Both groups target to share the best practices about the financial technology landscape in Israel and how the Philippines can improve its own.
PBA President and UnionBank Chairman Justo Ortiz urged different startups, fintech companies, and entrepreneurs to learn from one another. He believes that by learning from other principles-based regulation practices, blockchain companies and other startups can model their own ecosystem in the country.
Inferior tech infrastructure
Also included in the aforementioned 2018 world digital competitiveness ranking was how the Philippines experienced massive drops for the technology factor, landing 58th place as it dropped 7 places from last year's 51st-place finish.
The technology factor takes into account the "overall country setting that enables digital technologies to develop." Slow internet remains a big reason for the low rankings as well: out of 63 countries, the Philippines ranked 62nd in communications technology and 61st in internet bandwidth speed.
FINTQ reported that 57 per cent of its study's respondents are so-called “digital laggards” who show limited or scant capacity at this point, scoring 40 and below out of the perfect 100 in FinTQ’s CARA Index.
About 24 per cent are “pack followers” who scored 41 and 60, translating to “minimal” capacity for DX. Only 18 per cent of the respondents scored 61 and above, thus making them “pathbreakers” who show extensive or substantial readiness.
Meanwhile, in the education sector, the Philippines recorded only 27 per cent of schools connected to the Internet, which the Department of Education (DepEd) intends to change. In 2018, the target is to connect some 30,000 schools in eight pilot regions (CAR, 2, 8, 10, Caraga, ARMM, 4B). By 2019, the target is to connect all schools to the DepEd WAN. By 2022, all schools should be connected to the Internet.
The department also hopes to develop and create an Innovation Hub in high schools, or an ICT incubation hub in science high schools for research and development. These are envisioned to be centers for robotics and research and development and thus will be equipped with the latest technology, a computer lab, and an electronics lab.
With these hubs all over the country, they are expected to focus on local, community-level problems, while tertiary ICT programs are geared toward global competition and specialization.
Lack of talent
Focusing on the manufacturing sector, IDC noted the most pressing challenge is the need to recruit talent with skill sets that can drive change.
Shaping the workforce of the future is also a major issue because 85 per cent of jobs in manufacturing are expected to be transformed in the next three years. And almost 60 per cent will be redeployed to a new position and/or retrained for digital work.
In a separate research by the analyst firm, titled “Unlocking the Economic Impact of Digital Transformation in Asia Pacific”, it showed only 7 per cent of Philippine organizations are "Leaders" while the remaining 93 per cent are "Followers". The study involved 1,560 respondents in 15 markets.

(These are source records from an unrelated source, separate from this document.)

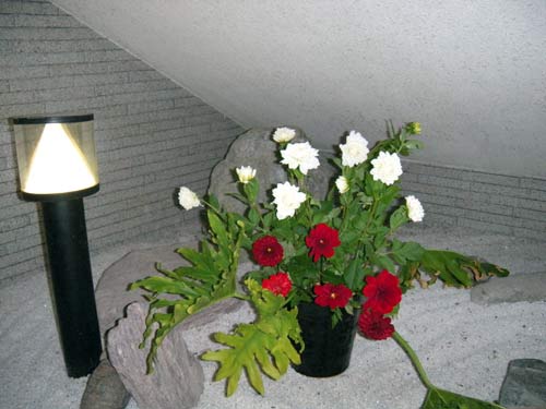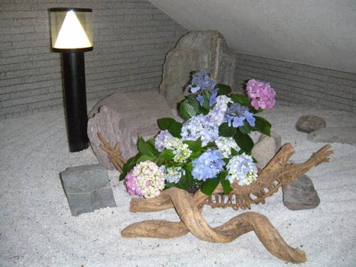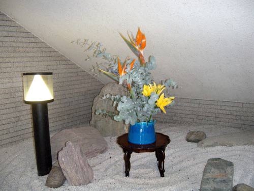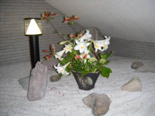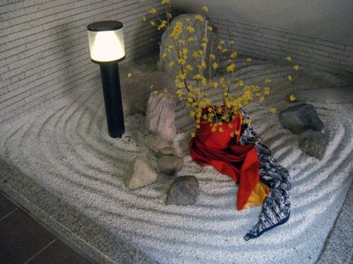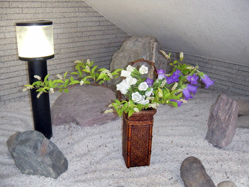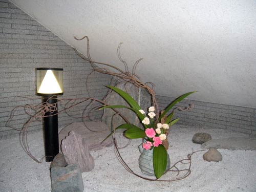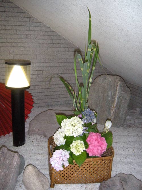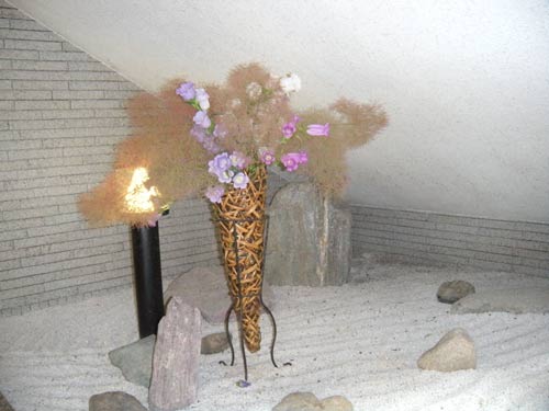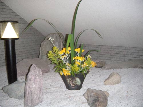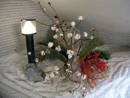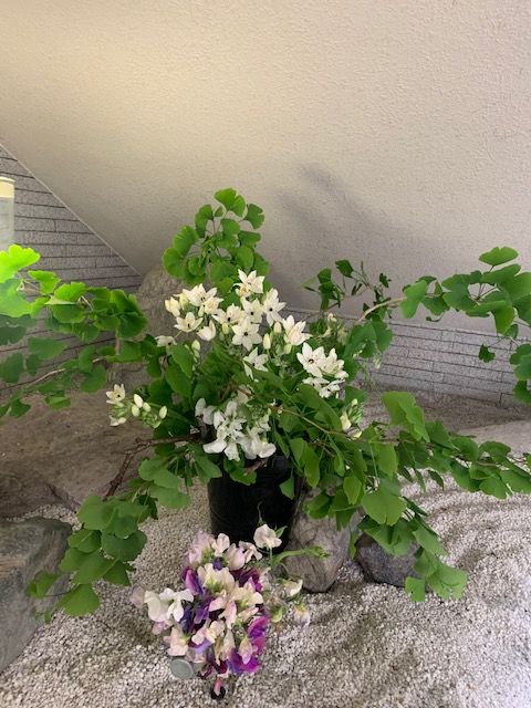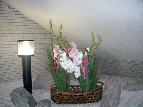 花輪舞(はなろんど)さん 作品のページ、花輪舞さんは、カリエンテ山口エントランスの一画を利用してボランティアで花を生けていただいています。
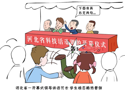 新闻浮世绘:领导讲话冗长 台下学生难忍酷热晕倒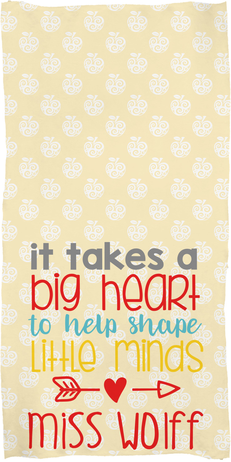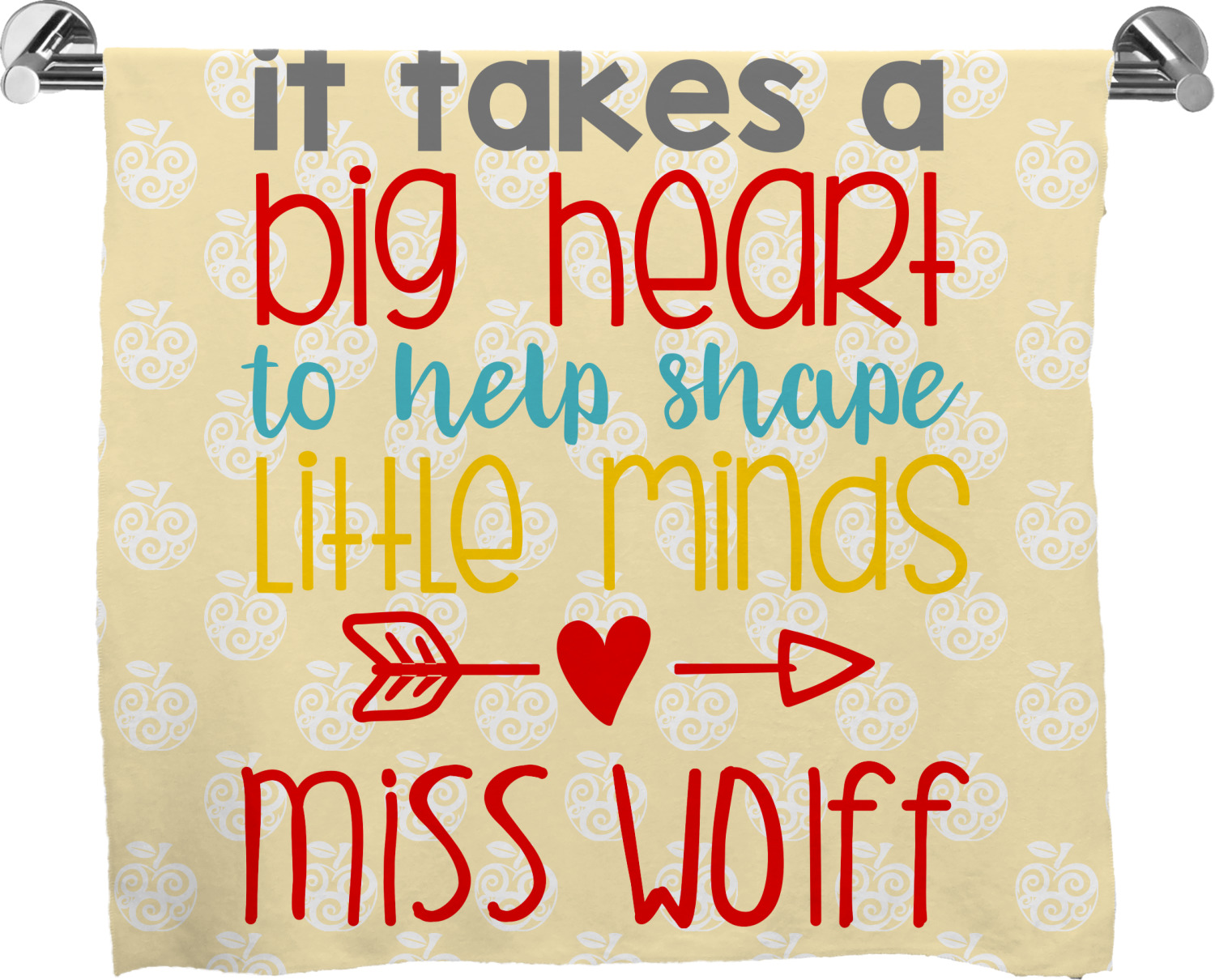These customized bath towels are slightly larger than your standard towel and are the ideal size for wrapping around your body. They measure approximately 60" x 30". Your customization is displayed across the entire front face of the towel, while the back is white.

About the leaders, at least a third of their businesses’ revenue is derived from digital products and services, and they have full or progressing digital transformation strategies. In fact, 48 per cent of Filipino leaders have implemented a full digital strategy.
As for the followers, revenues of such organizations comprise less than 20 per cent of their total revenue, and only 17 per cent of these businesses have a full digital strategy.
The research likewise indicated that leaders are currently experiencing double the aforementioned benefits of followers. This difference will only grow more pronounced by 2021, the report said.
The need for organizations to retrain individuals and organizations with future-ready skills was also brought up.
Jubert Alberto, country head of IDC Philippines, acknowledged that there would be “job redundancies along the way.” He also emphasized though, that technology would allow for the creation of new jobs, and business should invest in upskilling their workers for the modern digital business models.